### Data shown ###
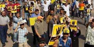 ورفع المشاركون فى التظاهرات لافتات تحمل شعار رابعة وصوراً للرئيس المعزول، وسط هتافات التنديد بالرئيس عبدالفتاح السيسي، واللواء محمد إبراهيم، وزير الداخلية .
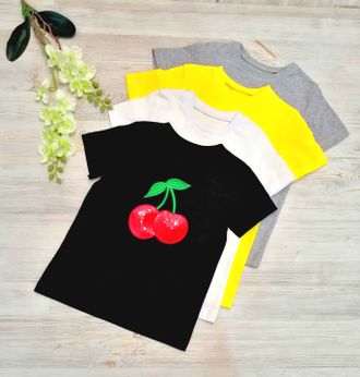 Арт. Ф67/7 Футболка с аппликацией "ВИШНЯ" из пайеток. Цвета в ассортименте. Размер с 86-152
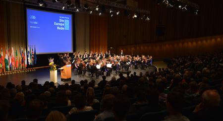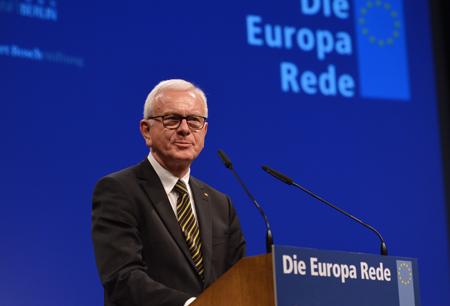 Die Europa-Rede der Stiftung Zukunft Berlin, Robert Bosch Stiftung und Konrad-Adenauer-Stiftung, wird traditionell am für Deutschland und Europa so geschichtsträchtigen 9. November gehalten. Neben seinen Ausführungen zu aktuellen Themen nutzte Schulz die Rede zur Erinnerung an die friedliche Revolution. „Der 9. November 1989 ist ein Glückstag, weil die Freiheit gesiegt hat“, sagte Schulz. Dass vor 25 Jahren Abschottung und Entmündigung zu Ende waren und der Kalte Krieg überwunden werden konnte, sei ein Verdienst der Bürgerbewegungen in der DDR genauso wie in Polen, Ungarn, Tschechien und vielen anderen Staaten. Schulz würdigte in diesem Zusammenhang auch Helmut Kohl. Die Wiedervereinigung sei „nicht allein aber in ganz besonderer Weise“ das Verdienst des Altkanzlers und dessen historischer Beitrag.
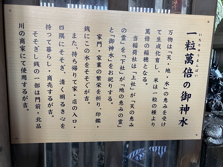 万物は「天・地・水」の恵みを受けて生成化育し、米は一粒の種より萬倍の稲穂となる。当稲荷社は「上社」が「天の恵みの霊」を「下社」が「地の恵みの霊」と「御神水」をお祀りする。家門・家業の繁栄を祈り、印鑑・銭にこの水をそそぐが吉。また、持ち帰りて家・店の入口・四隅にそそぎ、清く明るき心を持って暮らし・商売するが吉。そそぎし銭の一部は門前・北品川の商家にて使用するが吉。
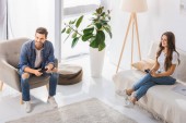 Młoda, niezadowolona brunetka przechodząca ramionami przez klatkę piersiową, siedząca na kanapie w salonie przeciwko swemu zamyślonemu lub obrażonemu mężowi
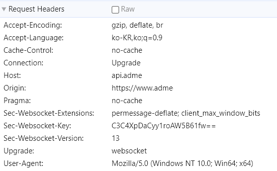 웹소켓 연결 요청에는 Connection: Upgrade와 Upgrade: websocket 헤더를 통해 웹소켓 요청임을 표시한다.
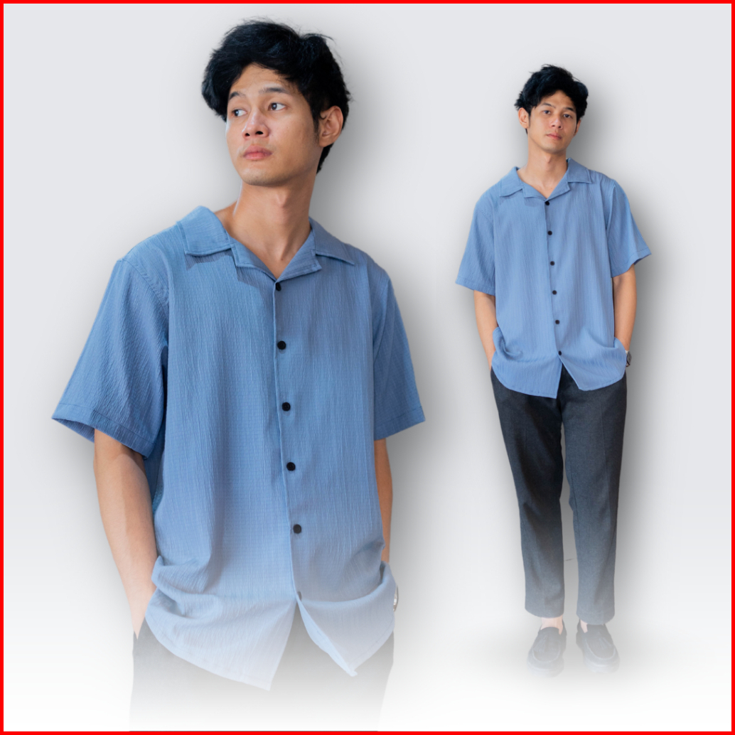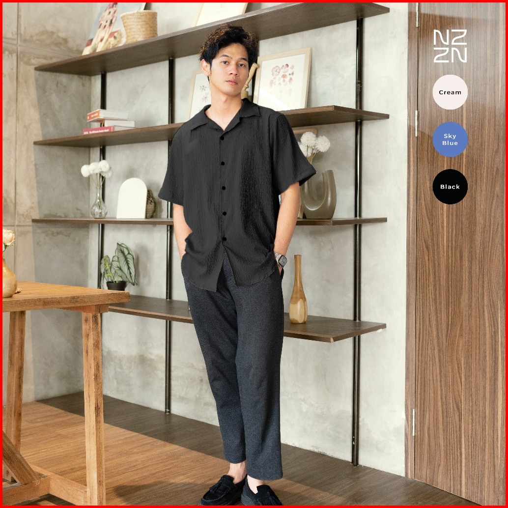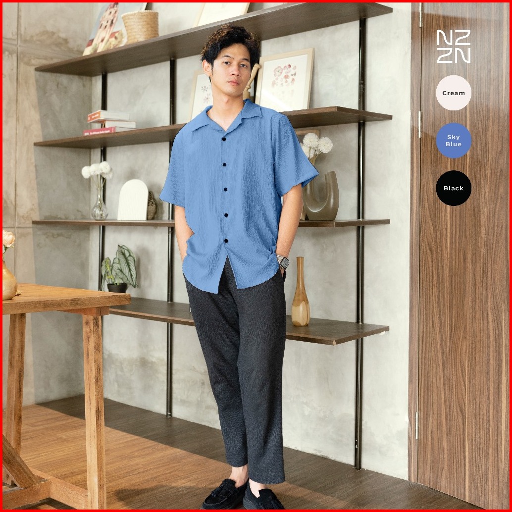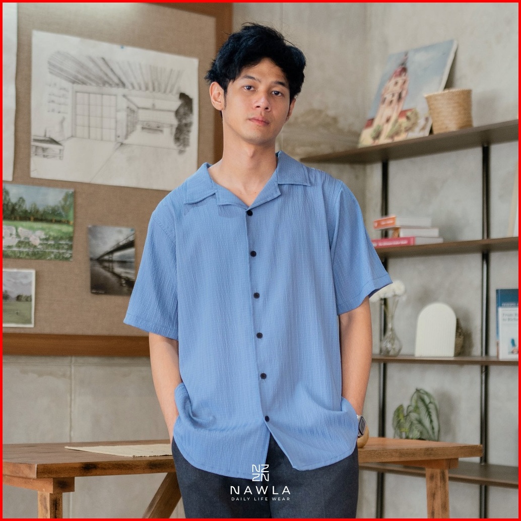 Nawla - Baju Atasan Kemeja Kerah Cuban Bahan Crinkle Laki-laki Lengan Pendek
###
About this exercise:
Without the pictures, return the entries exactly as they appear.

Response area:
 ورفع المشاركون فى التظاهرات لافتات تحمل شعار رابعة وصوراً للرئيس المعزول، وسط هتافات التنديد بالرئيس عبدالفتاح السيسي، واللواء محمد إبراهيم، وزير الداخلية .
 Арт. Ф67/7 Футболка с аппликацией "ВИШНЯ" из пайеток. Цвета в ассортименте. Размер с 86-152
 Die Europa-Rede der Stiftung Zukunft Berlin, Robert Bosch Stiftung und Konrad-Adenauer-Stiftung, wird traditionell am für Deutschland und Europa so geschichtsträchtigen 9. November gehalten. Neben seinen Ausführungen zu aktuellen Themen nutzte Schulz die Rede zur Erinnerung an die friedliche Revolution. „Der 9. November 1989 ist ein Glückstag, weil die Freiheit gesiegt hat“, sagte Schulz. Dass vor 25 Jahren Abschottung und Entmündigung zu Ende waren und der Kalte Krieg überwunden werden konnte, sei ein Verdienst der Bürgerbewegungen in der DDR genauso wie in Polen, Ungarn, Tschechien und vielen anderen Staaten. Schulz würdigte in diesem Zusammenhang auch Helmut Kohl. Die Wiedervereinigung sei „nicht allein aber in ganz besonderer Weise“ das Verdienst des Altkanzlers und dessen historischer Beitrag.
 万物は「天・地・水」の恵みを受けて生成化育し、米は一粒の種より萬倍の稲穂となる。当稲荷社は「上社」が「天の恵みの霊」を「下社」が「地の恵みの霊」と「御神水」をお祀りする。家門・家業の繁栄を祈り、印鑑・銭にこの水をそそぐが吉。また、持ち帰りて家・店の入口・四隅にそそぎ、清く明るき心を持って暮らし・商売するが吉。そそぎし銭の一部は門前・北品川の商家にて使用するが吉。
 Młoda, niezadowolona brunetka przechodząca ramionami przez klatkę piersiową, siedząca na kanapie w salonie przeciwko swemu zamyślonemu lub obrażonemu mężowi
 웹소켓 연결 요청에는 Connection: Upgrade와 Upgrade: websocket 헤더를 통해 웹소켓 요청임을 표시한다.
 Nawla - Baju Atasan Kemeja Kerah Cuban Bahan Crinkle Laki-laki Lengan Pendek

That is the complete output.